– Берусь объяснить. Покупка состоялась на выезде. Обоз за собой я никогда не вожу. Заплатить мукой я смог только за трех овец. За шесть остальных выдал расписки. Продавцам нужно было взять подводы, предъявить в моем штабе расписки и забрать мешки. Но кто-то хакасов припугнул. Кто-то строго порекомендовал не брать муку, не печь хлеб, а пожаловаться на меня. Причем не в губернский исполком, который издал свой замечательный закон, не моему начальству в губернский штаб ЧОН, а вашему, тоже губернскому, управлению. А поскольку хакасы сплошь неграмотны, то замечательный советчик написал за них письмо и сам же доставил его в ваше управление. Вот как получилось, что абсолютно неграмотные пастухи, живущие где-то горах, очень точно разобрались, в каком советском учреждении суровее наказывают. Если вы, товарищ Коновалов, имеете какую-либо связь с этими жалобщиками, то сообщите им, что муку они могут забрать и после моего отъезда в Красноярск.
Дело о мокром белье
Коновалов закашлялся, но продолжил разговор:
– Товарищ Голиков, знаком ли вам красноармеец Мельников?
– Конечно.
– Что вы могли бы о нем сказать?
– Жалко парня. Днем это был исправный боец, а по ночам он крал с веревок белье, вывешенное для просушки: наволочки, простыни, скатерти, мужские рубашки и подштанники, женские лифчики и юбки. Иногда ему подворачивались скатерти. Воровал он во время ночного несения караула. Никого в такое время рядом не было. А когда ко мне пошли жалобы, кстати от русского населения, что какой-то вор оставляет их без исподнего белья, я принял меры. Устроил засаду с приманкой. Мельников попался в момент кражи. Я отправил его под конвоем в Ужур для предания суду.
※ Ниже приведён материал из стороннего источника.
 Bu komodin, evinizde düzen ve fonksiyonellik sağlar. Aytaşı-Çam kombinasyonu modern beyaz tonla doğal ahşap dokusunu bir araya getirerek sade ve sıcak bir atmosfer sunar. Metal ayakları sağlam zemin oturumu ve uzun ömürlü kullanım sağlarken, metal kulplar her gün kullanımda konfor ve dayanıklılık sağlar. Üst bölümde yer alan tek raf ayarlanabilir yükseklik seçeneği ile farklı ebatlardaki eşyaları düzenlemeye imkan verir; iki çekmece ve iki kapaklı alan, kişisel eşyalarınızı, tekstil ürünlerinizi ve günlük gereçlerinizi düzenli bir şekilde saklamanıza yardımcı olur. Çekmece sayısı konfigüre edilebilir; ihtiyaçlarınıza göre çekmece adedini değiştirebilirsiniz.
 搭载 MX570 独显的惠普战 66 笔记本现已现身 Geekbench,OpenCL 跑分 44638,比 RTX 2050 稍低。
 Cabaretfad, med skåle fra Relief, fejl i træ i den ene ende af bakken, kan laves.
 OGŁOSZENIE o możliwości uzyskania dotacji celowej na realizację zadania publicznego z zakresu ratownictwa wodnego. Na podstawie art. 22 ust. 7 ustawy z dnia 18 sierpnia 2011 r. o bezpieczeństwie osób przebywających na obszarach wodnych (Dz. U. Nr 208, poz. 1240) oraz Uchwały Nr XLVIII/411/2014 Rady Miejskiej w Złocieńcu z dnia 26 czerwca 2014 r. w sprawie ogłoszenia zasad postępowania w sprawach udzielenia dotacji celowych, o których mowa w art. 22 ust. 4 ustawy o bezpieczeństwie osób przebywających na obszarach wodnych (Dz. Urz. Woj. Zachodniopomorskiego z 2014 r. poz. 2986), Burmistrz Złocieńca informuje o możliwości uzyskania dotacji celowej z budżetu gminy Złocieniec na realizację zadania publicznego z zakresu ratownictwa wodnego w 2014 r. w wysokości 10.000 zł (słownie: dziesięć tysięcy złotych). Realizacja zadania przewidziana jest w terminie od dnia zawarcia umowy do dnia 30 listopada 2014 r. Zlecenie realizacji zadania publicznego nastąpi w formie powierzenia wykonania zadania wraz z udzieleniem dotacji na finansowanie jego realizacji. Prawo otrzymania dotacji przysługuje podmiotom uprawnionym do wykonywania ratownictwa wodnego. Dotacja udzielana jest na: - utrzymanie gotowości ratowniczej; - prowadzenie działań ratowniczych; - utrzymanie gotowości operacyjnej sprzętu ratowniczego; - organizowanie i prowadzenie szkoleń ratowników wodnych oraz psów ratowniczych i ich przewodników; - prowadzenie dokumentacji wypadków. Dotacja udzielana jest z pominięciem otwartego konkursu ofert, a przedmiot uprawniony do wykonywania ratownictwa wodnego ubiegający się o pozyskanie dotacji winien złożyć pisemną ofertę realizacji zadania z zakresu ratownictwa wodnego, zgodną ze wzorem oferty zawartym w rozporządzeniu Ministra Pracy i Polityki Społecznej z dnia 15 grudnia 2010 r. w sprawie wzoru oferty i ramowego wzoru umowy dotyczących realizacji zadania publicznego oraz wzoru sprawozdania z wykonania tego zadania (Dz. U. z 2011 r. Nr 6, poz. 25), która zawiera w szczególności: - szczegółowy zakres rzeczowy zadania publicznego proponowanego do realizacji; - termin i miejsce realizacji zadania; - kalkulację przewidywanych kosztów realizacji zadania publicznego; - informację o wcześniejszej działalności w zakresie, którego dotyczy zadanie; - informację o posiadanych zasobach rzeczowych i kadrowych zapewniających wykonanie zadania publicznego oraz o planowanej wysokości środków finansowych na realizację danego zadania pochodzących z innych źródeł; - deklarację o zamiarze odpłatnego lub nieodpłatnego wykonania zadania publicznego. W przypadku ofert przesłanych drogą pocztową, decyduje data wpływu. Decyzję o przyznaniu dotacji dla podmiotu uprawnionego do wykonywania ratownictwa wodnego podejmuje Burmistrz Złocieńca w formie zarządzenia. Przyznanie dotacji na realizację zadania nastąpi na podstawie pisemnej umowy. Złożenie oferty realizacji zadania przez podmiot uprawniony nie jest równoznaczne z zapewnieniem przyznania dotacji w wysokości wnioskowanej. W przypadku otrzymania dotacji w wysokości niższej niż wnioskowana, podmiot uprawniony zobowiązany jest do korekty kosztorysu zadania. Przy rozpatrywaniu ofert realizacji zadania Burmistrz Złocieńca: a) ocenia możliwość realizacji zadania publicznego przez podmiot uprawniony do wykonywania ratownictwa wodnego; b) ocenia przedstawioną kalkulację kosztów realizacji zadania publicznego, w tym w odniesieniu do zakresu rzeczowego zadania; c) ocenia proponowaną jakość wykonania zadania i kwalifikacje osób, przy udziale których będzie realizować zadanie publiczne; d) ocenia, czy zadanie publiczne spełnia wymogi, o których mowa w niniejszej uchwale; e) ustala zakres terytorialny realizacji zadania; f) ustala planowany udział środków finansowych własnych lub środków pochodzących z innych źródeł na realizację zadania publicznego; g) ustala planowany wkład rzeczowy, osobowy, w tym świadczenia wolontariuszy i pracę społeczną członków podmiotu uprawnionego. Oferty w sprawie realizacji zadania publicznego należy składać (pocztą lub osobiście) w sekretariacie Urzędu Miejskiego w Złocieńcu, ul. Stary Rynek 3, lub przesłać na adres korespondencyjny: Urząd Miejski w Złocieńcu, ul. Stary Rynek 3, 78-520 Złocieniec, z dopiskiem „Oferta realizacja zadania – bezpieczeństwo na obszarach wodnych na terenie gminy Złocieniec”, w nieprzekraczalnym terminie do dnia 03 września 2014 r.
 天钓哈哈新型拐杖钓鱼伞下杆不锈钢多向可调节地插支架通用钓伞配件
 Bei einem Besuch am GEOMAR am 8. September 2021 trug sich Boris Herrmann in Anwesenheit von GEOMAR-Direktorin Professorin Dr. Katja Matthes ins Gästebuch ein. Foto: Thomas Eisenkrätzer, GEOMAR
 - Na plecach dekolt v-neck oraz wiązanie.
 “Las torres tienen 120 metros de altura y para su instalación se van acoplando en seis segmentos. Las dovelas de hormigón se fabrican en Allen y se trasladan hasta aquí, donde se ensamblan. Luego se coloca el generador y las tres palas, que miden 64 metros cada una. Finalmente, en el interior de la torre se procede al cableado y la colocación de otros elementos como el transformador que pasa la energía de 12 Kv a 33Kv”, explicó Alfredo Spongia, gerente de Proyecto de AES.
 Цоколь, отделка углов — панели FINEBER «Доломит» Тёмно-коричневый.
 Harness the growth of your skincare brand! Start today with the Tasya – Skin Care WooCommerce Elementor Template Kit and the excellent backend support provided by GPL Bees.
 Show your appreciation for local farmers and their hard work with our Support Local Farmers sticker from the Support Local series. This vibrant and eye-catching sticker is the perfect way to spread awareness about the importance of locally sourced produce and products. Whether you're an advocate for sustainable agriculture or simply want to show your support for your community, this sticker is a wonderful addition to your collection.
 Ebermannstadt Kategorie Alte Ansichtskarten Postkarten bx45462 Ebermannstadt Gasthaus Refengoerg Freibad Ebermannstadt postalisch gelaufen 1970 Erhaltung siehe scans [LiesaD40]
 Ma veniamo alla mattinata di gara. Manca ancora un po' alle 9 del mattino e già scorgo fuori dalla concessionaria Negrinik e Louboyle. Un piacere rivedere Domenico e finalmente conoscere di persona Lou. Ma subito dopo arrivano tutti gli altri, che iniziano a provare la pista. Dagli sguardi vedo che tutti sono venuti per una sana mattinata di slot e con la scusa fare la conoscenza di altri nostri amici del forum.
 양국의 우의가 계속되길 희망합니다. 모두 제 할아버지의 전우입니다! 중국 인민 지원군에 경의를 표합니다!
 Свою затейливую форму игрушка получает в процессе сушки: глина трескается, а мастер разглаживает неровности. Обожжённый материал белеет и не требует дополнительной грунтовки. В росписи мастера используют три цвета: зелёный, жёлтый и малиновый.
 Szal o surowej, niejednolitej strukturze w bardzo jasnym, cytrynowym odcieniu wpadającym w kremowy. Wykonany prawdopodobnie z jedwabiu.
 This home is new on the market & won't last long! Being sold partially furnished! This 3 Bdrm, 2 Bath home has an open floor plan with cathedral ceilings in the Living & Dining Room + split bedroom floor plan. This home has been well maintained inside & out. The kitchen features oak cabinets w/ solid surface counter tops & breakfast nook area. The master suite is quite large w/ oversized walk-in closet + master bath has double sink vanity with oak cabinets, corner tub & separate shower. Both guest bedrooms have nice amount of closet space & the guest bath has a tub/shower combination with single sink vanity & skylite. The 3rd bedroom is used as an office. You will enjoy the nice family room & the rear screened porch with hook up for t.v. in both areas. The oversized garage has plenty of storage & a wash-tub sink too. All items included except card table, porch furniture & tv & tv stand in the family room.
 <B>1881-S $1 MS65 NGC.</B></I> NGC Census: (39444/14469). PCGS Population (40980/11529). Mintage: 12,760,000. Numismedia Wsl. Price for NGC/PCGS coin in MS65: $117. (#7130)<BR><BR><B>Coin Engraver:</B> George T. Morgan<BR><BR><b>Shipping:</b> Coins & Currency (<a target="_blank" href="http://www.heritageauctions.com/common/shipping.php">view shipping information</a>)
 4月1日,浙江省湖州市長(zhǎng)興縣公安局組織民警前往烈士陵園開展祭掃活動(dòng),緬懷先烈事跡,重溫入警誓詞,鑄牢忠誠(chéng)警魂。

– Вы хорошо рассказываете, – похвалил Голикова следователь. – Красноармеец Мельников находится под следствием. Выяснилось, что он воровал и в других местах. Но в доме предварительного заключения Мельников раскаялся и написал уже нам, что никогда не хотел быть вором. Он родился в честной крестьянской семье. Но его заставил заняться этим промыслом, как сказано в письме, «командир товарищ Голиков».
Коновалов сделал долгую паузу. Вероятно, он ожидал, что Голиков начнет протестовать, но Аркадий Петрович не шелохнулся. Тогда следователь продолжил:
– По тону письма мне показалось, что Мельников к вам тепло относится. Ведь вы открыли ему возможность дополнительного заработка. Прямо он этого не написал, но дал понять, что своими доходами он делился с вами.
– Чем же он со мной делился? – не выдержал Голиков. – Женскими лифчиками? Или кальсонами? Одна штанина – ему, другая – мне?! Вы сами только что говорили, что продать-купить сейчас ничего невозможно. У населения нет денег. Идет прямой товарообмен. Я что – должен был менять женское белье на кедровые орехи? А потом продавать их стаканами здесь, в Красноярске? Не кажется ли вам, товарищ Коновалов, что покаянное письмо Мельникова – продолжение истории с якобы похищенными баранами? Там я будто бы отобрал овец у голодающих хакасов, а здесь я отнимал часть заработка у другого труженика – мелкого вора. Но самое главное. Вы прекрасно знаете, что для меня обвинение в соучастии даже в мелкой краже – не мелочь.
– Что вы имеете в виду?
Новые повышенные требования к командному составу. Штаб ЧОН губернии недавно разослал по гарнизонам газету «Красноярский рабочий». Там была статья о том, как рядовой красноармеец и его начальник украли по два или три килограмма сливочного масла. Красноармейца приговорили к пяти годам тюрьмы, а его начальника – к расстрелу. Обоснование для высшей меры было такое: «Начальник опорочил звание «командир Красной армии». Москва над командиром сжалилась. Высшую меру (за три килограмма масла!) ему заменили на десять лет тюрьмы. Подсчитайте, какой приговор ждал бы меня, как начальника боевого района, члена партии и как организатора воровской шайки из двух человек, если бы «раскаяние» Мельникова оказалось правдой.
– Если показания Мельникова подтвердятся, расстреливать вас, конечно, никто не станет, – успокоил собеседника Коновалов. – Примут во внимание, что вы три с лишним года провели в действующей армии. Но серьезный срок вам, конечно, дать могут.